Digital estate planning is becoming an increasingly common practice. However, security measures of internet and technology corporations have the potential to disrupt the implementation of a testator’s plans.
A recent news article tells the story of a woman named Anthea Grant, who purchased an iPad for use during two years of cancer treatment.
The device was used primarily for entertainment during chemotherapy sessions and for video communication with Anthea’s sons, Josh and Patrick.
After Anthea’s death, her sons realized that they did not know their mother’s Apple account password. Anthea’s sons are the sole beneficiaries of her Estate. There is no controversy with respect to the sons’ right to possess the device. However, Josh and Patrick have been unable to obtain access to the tablet to see if it contains any relevant information.
After providing their mother’s death certificate, a copy of her Last Will and Testament, and a letter from their solicitor, as had earlier been requested, Apple is now asking for Anthea’s written instructions that Josh and Patrick are authorized to access her account. As this is no longer an option, Apple recommends that the brothers obtain a court order to prove that Anthea was the owner of the iPad and Apple account, citing the American Electronic Communications Privacy Act as its rationale in denying access.
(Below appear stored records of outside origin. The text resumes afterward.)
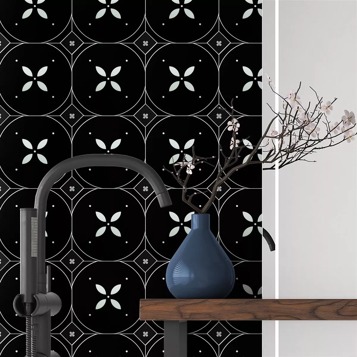 Posliinikivitavaralaatat Genexia Black White Decor 1 insertti - ajatonta eleganssia neliössä
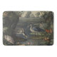 vintage painting of a botanical scene with blue cranes by a river surrounded by beautiful big flowers
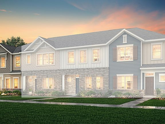The Ginger plan boasts an inviting open-concept layout. A charming porch welcomes you to this beautiful new townhome. Just inside, the foyer flows into a versatile flex space, a spacious great room and a well-appointed kitchen--with a center island and corner pantry. In addition, a casual dining area offers access to a relaxing patio. Upstairs, two generous bedrooms share a full hall bath, while a secluded primary suite features a large walk-in closet and a private bath with dual vanities.

While Anthea’s sons do not wish to incur the legal fees necessary to obtain a court order for the release of the Apple account information, they wonder if the iPad contains any digital assets of any financial or sentimental value.
A digital estate plan frequently facilitates access to computer accounts, with a list of all accounts and login information. Had Anthea created a digital estate plan, including such information, this issue would not likely have emerged. Nevertheless, legislation in Canada and elsewhere remains an outdated barrier that should be amended to address the prevalence of digital assets in estate planning and administration.